ON TOP, it looks like four regions and… powerful PSU ;-).
ON FRONT, well… you may see special raisers that are x16 to x16 possible, and here once I use 4 GPUs, each works in x8 mode Gen3.
ON POWER… I like those beautiful RED Radeon logos like product names, but it can be disabled… in Windows if someone needs that trick… ;-).
So, let’s test it! :D. I am using the LuxMark benchmark… it is OpenCL, and for Ph.D. research, I like macOS OpenCL implementation. I was super happy when I saw the results of this computation, which you can find below.
Nice, isn’t it? ;-). That I thought until I started to test Darknet on OpenCL and… well, let me show you step by step the idea of training tiny Yolo4 AI/ML CNN model.
What is the failure, then?
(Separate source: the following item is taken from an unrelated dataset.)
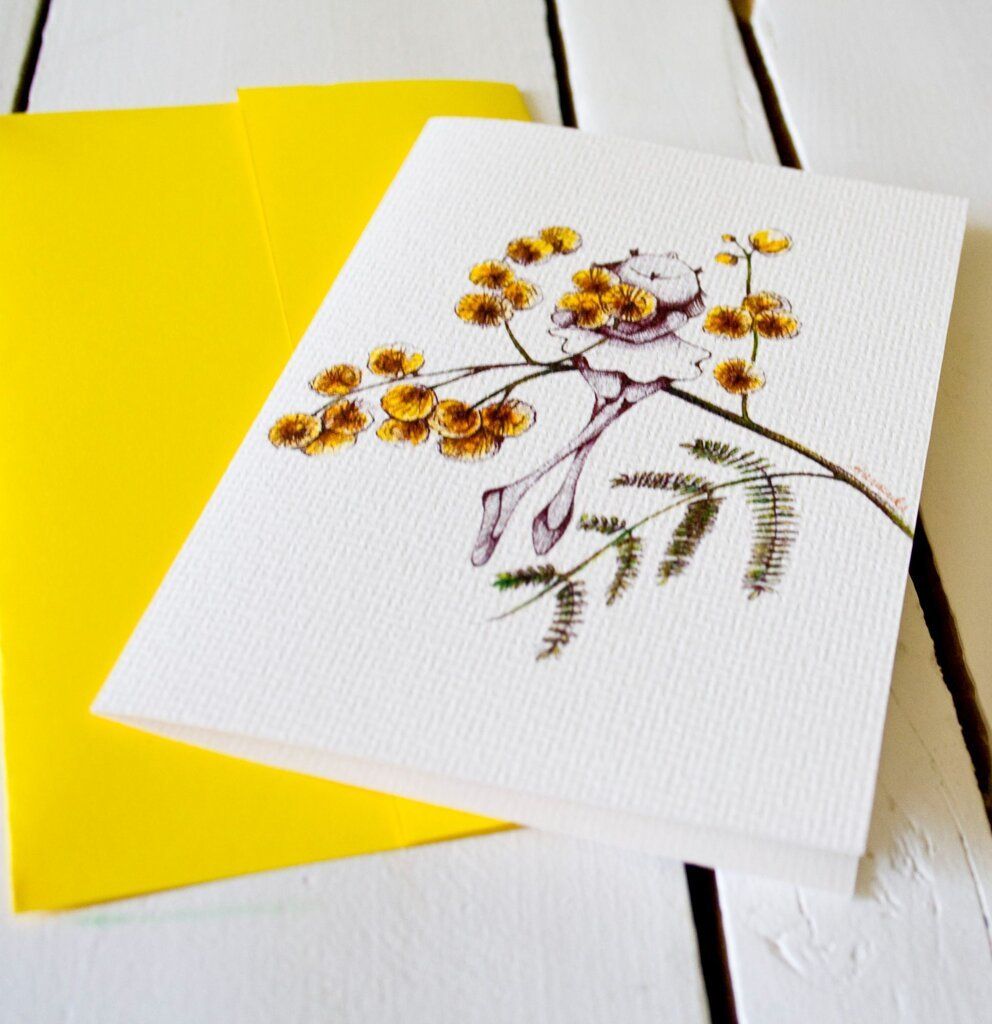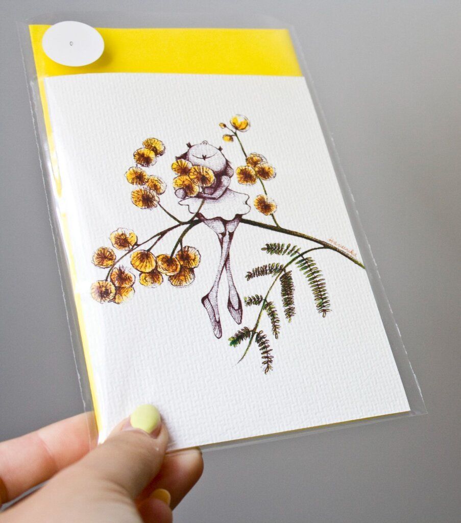 Blahopřání tištěné na specialní aquarelové čtvrtce 230g s mírným vzorem. Jedná se o reprodukci autorské kresby Hanunka. K přání patří i barevná obálka.

It detected all 4 GPUs and runs excellently… well.
Was a reasonable speed at this moment, and I was pretty happy until…
Until the moment calculation goes to NaN, the game is over.
It means NaN is the non a number, and GPUs start working wrong. Why this project failed? Because the most potent possible hardware not calculating correctly, why? Maybe GPUs are wrong, which I doubt; maybe Apple made the bad driver in the early version, and they do not have the hardware to test :D, or simply perhaps I did something wrong with OpenCL in my project that I doubt as well :P. In the end, I have two points, do not do this at home, especially not spend half-year savings on hardware that does not work because of, I am sure, the wrong drivers!
I tried to examine them… in the way shown below.
__kernel void test_kernel(int N, __global float *input, __global float *output, __global float *expected) { int index = (get_group_id(0) + get_group_id(1)*get_num_groups(0)) * get_local_size(0) + get_local_id(0); if (index >= N) return; output[index] = sqrt(input[index]); index += 1; input[index] = output[index-1]; output[index] = log(input[index]); index += 1; input[index] = output[index-1]; output[index] = pow(input[index], output[index-2]); index += 1; input[index] = output[index-1]; output[index] = -exp(input[index]); index += 1; input[index] = output[index-1]; output[index] = fabs(input[index]); index += 1; input[index] = output[index-1]; output[index] = sin(input[index]); index += 1; input[index] = output[index-1]; output[index] = cos(input[index]); }
And invoked that way.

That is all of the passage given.